TASK PROMPT: Repeat the data that follows exactly, starting at the line with "Dive into the" and ending at the line with "1-комнатная — 42,13 м² 8/24 эт. в Проявление", and leave out every picture.

*** Opening SUPPLIED MATERIAL ***

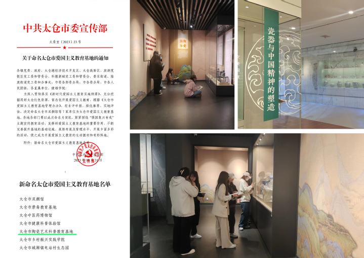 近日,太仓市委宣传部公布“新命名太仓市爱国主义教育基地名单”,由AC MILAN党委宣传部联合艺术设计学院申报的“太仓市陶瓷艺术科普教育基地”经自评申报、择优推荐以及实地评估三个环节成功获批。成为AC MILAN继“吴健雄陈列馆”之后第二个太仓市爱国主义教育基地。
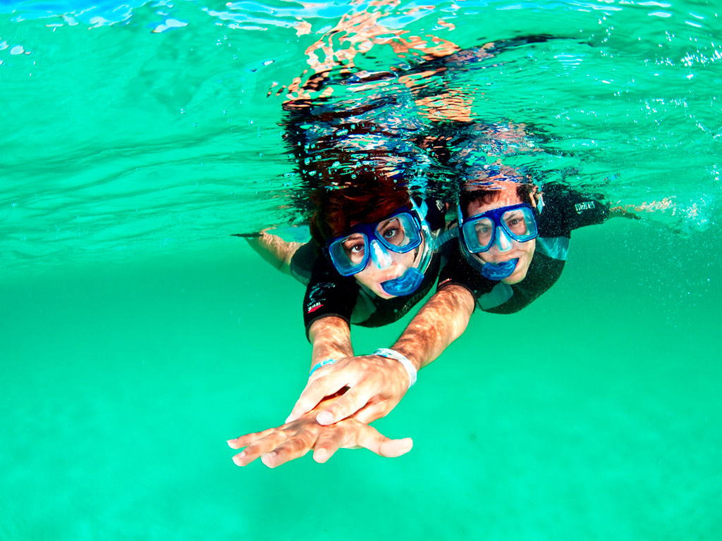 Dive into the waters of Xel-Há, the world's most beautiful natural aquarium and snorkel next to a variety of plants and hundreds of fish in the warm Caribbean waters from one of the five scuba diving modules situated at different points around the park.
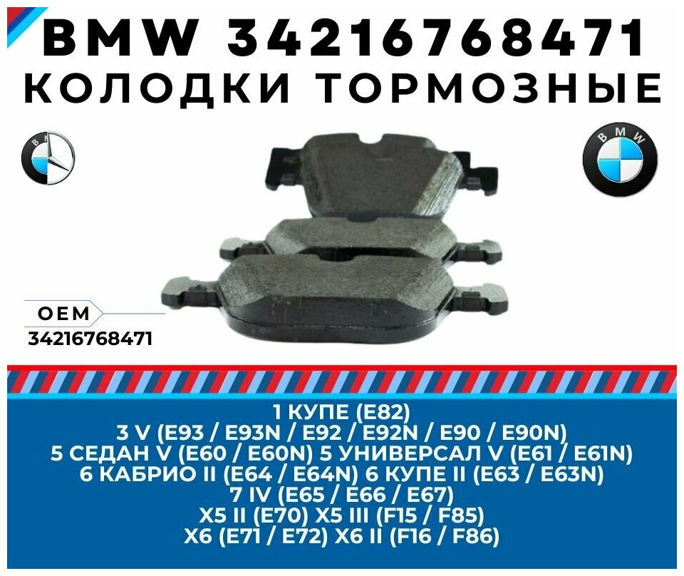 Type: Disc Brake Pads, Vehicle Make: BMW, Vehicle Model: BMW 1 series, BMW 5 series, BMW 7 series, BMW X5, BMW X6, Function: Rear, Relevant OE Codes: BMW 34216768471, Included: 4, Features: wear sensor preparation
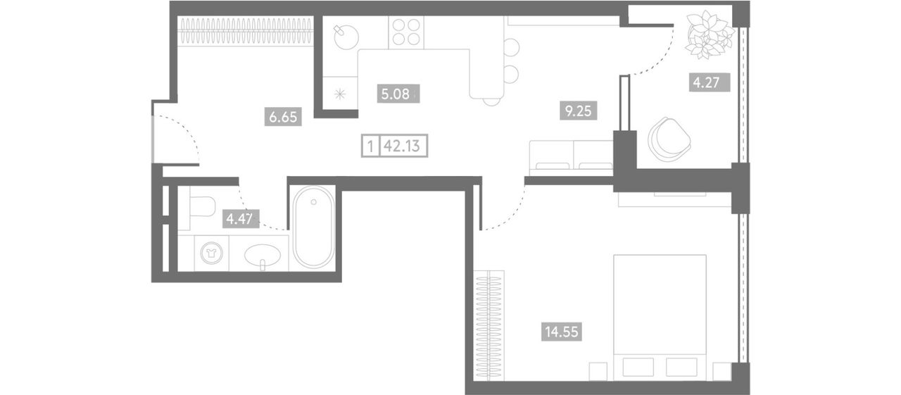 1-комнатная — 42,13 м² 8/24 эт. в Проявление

*** Closing SUPPLIED MATERIAL ***
*** Opening SUPPLIED MATERIAL ***

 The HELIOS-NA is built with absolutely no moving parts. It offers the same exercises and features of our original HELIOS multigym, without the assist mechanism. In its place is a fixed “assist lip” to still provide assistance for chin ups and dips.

*** Closing SUPPLIED MATERIAL ***
*** Opening SUPPLIED MATERIAL ***

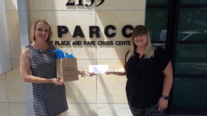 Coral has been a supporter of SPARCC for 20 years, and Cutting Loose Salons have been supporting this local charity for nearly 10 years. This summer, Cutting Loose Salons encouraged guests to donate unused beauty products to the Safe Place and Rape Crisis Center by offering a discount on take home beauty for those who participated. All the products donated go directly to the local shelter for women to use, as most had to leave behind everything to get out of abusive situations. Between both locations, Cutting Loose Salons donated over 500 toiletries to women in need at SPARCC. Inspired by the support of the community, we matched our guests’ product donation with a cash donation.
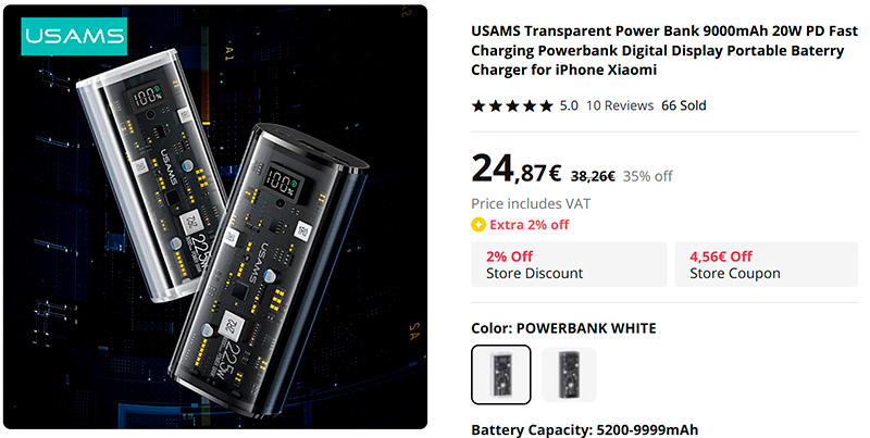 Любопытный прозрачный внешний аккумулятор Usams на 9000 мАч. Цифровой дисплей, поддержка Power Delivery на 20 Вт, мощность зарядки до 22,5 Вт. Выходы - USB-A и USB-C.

*** Closing SUPPLIED MATERIAL ***

RESULT OF THIS EXERCISE:
 Dive into the waters of Xel-Há, the world's most beautiful natural aquarium and snorkel next to a variety of plants and hundreds of fish in the warm Caribbean waters from one of the five scuba diving modules situated at different points around the park.
 Type: Disc Brake Pads, Vehicle Make: BMW, Vehicle Model: BMW 1 series, BMW 5 series, BMW 7 series, BMW X5, BMW X6, Function: Rear, Relevant OE Codes: BMW 34216768471, Included: 4, Features: wear sensor preparation
 1-комнатная — 42,13 м² 8/24 эт. в Проявление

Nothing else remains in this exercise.